Under normal conditions the body regulates cortisol levels which are usually high in the morning and low at night. But under stressful conditions more cortisol is secreted. Small increases in cortisol produce positive effects such as increased sustained energy, diminished pain sensitivity or memory enhancement. But a prolonged cortisol increase during chronic stress results in negative side effects: increased blood pressure, sugar imbalance in blood, decreased bone density, cognitive problems, and reduced thyroid function. It also slows down healing processes and suppresses the immune system, perhaps the reason we are more apt to get sick when we are stressed.

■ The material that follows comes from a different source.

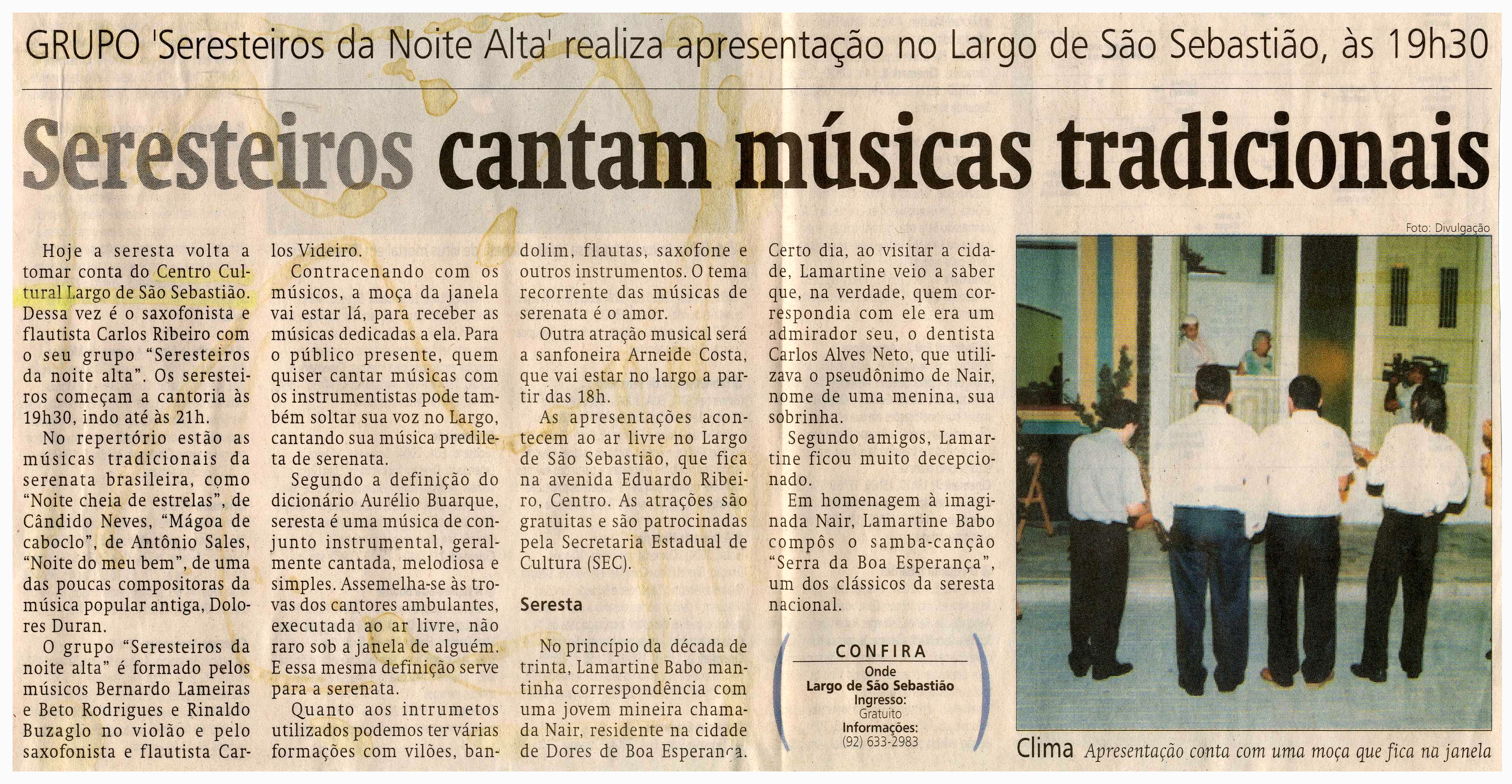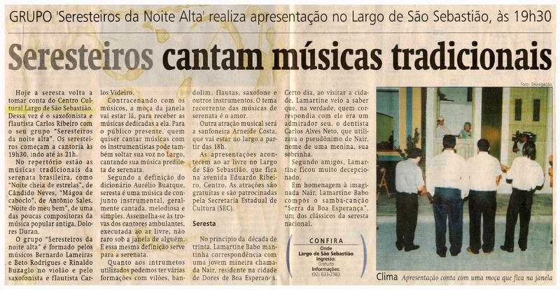 Largo São Sebastião, Seresta, Músicas, Tradicionais
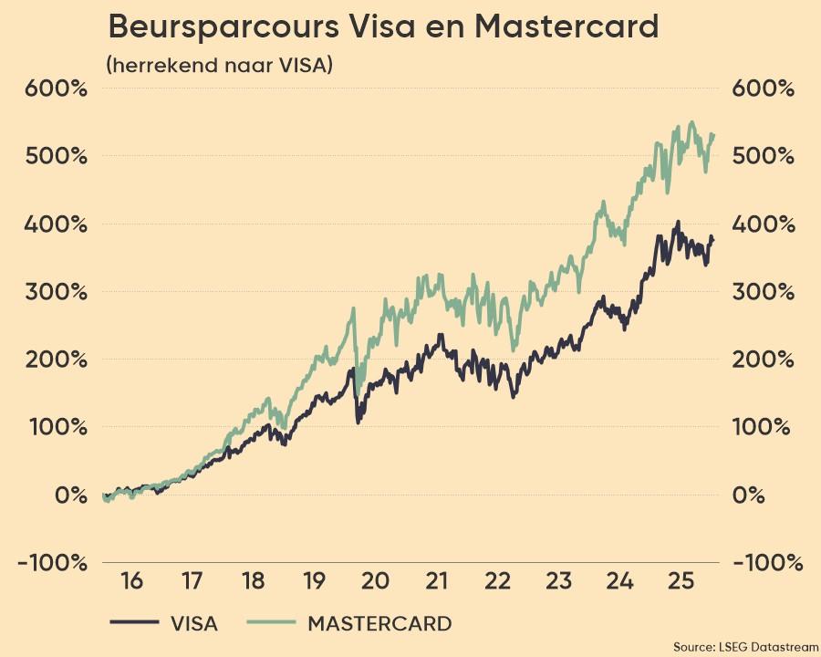 Beide spelers zijn vandaag koplopers op het gebied van agentische betalingen. Beide hebben in 2025 aparte, maar samenwerkende, kaders gelanceerd om veilige betalingen door AI-agenten te faciliteren. Potentieel versnelde groei van e-commerce is doorgaans goed voor de netwerken - meer marktaandeel en meer toegevoegde waarde (VAS). Tegenwoordig maakt de VAS-omzet, gegenereerd door identiteitsverificatie, fraudepreventie, marketinginzichten enzovoort, al 30% tot 40% uit voor beide betaalbedrijven.

Continuously, stress-induced elevated cortisol levels lead to an increase in the level of other hormones (testosterone, estradiol, insulin).  High cortisol levels are often linked to insulin resistance (Type 2 Diabetes), weight gain and general inflammatory conditions. High cortisol is toxic to the brain and can cause memory loss and contribute to Alzheimer’s disease or senile dementia. Elevated cortisol levels and lack of diurnal variation have been identified with Cushing’s disease. Low cortisol levels are found in primary adrenal insufficiency (e.g. adrenal hypoplasia, Addison’s disease).

Cortisol and progesterone bind to common receptors in cells. Cortisol blocks progesterone activity, and some suggest, that high levels of cortisol, initiated by chronic stress, dispose one to a condition called estrogen dominance.  Estrogen dominance is condition where women cease to ovulate regularly and progesterone concentrations are lower than necessary during the second half of the menstrual cycle. Many suspect estrogen dominance underlies PMS and other cycle related symptoms.